(Supplied information)

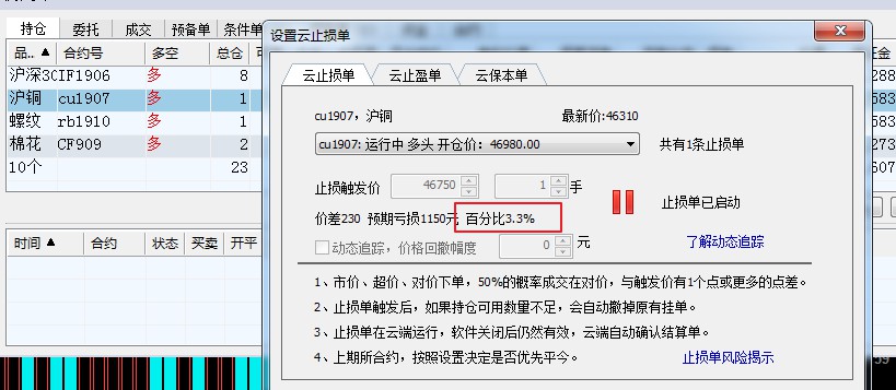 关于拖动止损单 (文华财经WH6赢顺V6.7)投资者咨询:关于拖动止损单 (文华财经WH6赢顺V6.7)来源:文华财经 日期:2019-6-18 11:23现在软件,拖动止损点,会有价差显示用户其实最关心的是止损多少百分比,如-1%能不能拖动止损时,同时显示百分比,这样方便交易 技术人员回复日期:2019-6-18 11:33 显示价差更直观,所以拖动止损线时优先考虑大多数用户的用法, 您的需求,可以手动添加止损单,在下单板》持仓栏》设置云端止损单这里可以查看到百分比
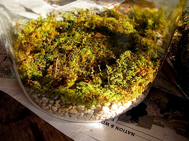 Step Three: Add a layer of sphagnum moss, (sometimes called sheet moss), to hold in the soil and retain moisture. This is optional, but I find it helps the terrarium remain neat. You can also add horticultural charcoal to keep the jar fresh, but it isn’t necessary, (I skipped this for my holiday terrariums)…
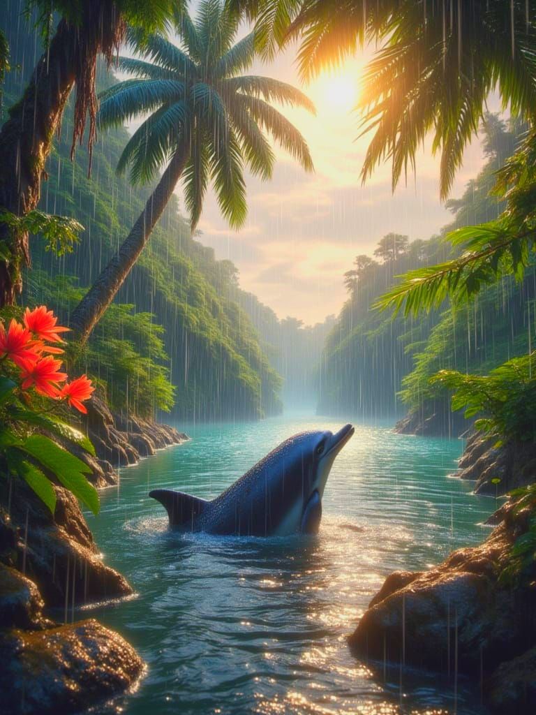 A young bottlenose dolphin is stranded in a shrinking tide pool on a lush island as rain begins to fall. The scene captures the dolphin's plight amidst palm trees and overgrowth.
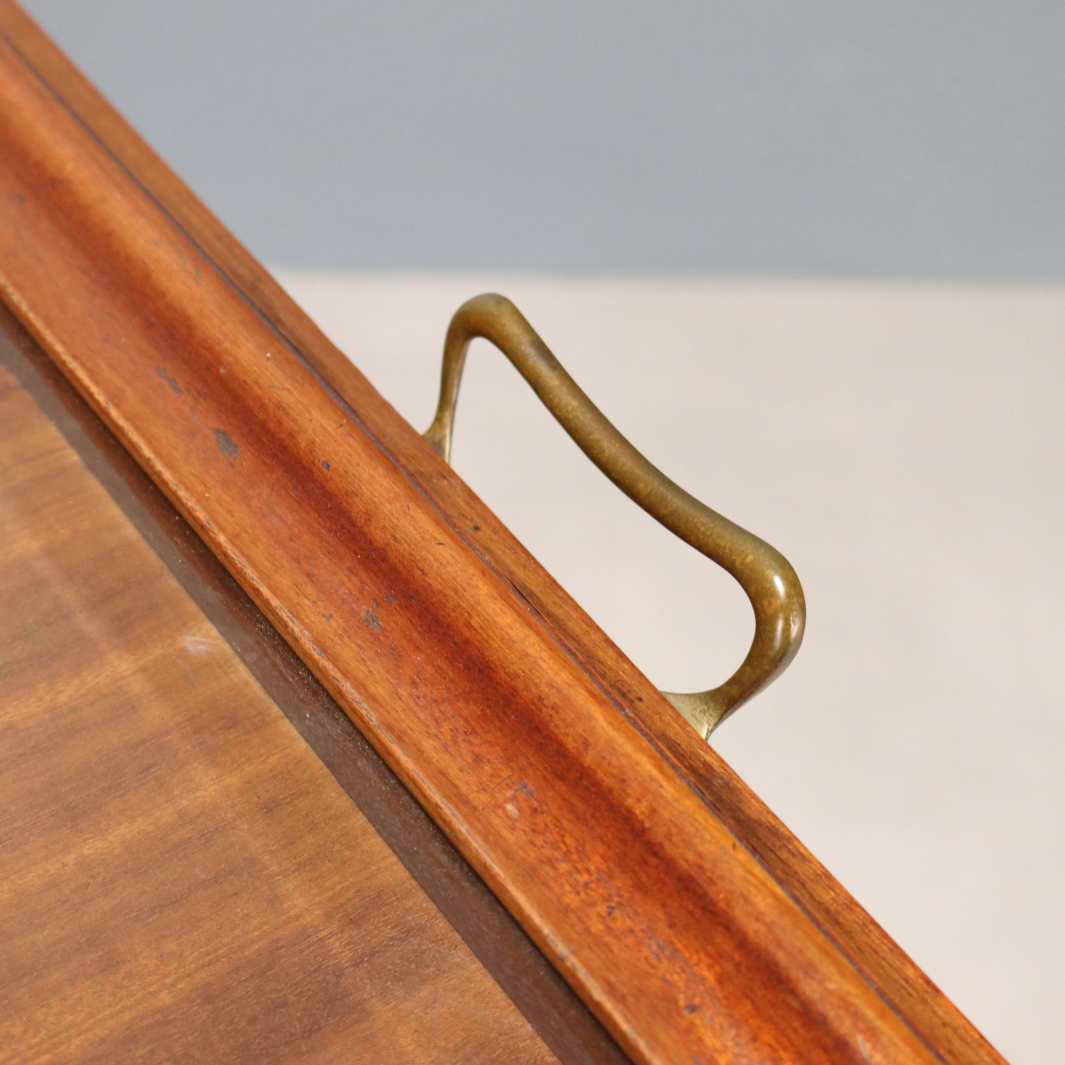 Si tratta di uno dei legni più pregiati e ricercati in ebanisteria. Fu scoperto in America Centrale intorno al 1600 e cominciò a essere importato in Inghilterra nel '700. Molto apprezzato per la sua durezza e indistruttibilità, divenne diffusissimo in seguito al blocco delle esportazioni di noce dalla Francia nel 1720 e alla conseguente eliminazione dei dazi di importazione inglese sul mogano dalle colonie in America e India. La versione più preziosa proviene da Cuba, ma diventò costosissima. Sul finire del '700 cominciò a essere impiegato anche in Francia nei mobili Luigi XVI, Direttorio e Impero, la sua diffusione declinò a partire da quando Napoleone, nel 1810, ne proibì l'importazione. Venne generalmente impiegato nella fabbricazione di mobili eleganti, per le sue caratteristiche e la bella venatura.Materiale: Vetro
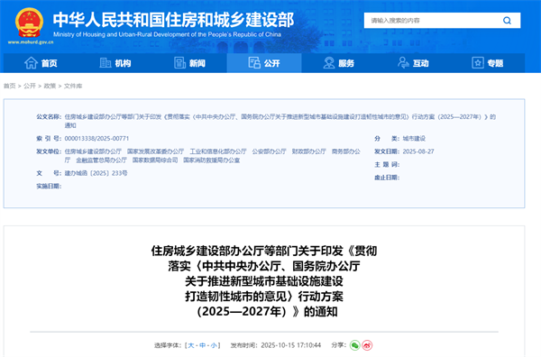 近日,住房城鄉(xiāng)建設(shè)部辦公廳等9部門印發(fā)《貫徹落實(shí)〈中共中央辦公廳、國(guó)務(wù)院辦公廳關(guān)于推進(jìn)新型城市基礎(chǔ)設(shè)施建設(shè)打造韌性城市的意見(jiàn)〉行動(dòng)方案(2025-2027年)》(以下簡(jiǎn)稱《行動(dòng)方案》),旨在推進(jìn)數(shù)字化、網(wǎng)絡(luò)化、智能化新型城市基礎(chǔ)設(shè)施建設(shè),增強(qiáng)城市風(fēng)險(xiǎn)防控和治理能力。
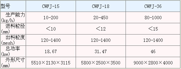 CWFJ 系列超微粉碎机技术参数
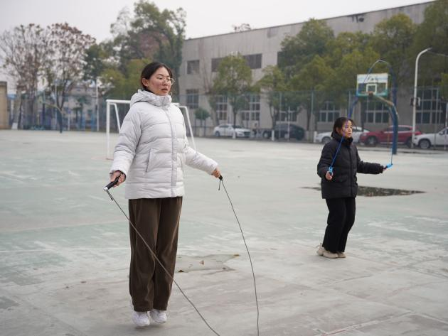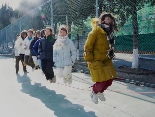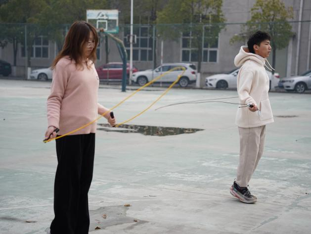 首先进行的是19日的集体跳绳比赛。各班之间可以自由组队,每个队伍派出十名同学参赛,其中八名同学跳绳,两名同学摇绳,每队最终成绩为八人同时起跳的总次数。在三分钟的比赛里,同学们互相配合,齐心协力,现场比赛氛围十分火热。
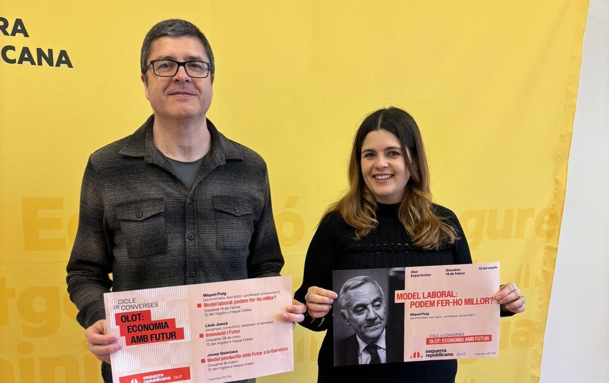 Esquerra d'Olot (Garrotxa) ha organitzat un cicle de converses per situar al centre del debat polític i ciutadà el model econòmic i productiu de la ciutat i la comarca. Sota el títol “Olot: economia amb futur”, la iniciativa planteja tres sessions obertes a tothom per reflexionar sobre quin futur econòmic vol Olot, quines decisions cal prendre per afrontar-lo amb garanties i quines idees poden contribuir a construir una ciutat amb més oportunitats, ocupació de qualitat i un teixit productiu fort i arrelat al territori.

(End Supplied information)

**What is needed:** Print the part of the listing above that opens with the line containing "CWFJ 系列超微粉碎机技术参数" and closes with the line containing "首先进行的是19日的集体跳绳". Copy it exactly, both ends included, and omit the pictures.

**Answer to this problem:**
 CWFJ 系列超微粉碎机技术参数
 首先进行的是19日的集体跳绳比赛。各班之间可以自由组队,每个队伍派出十名同学参赛,其中八名同学跳绳,两名同学摇绳,每队最终成绩为八人同时起跳的总次数。在三分钟的比赛里,同学们互相配合,齐心协力,现场比赛氛围十分火热。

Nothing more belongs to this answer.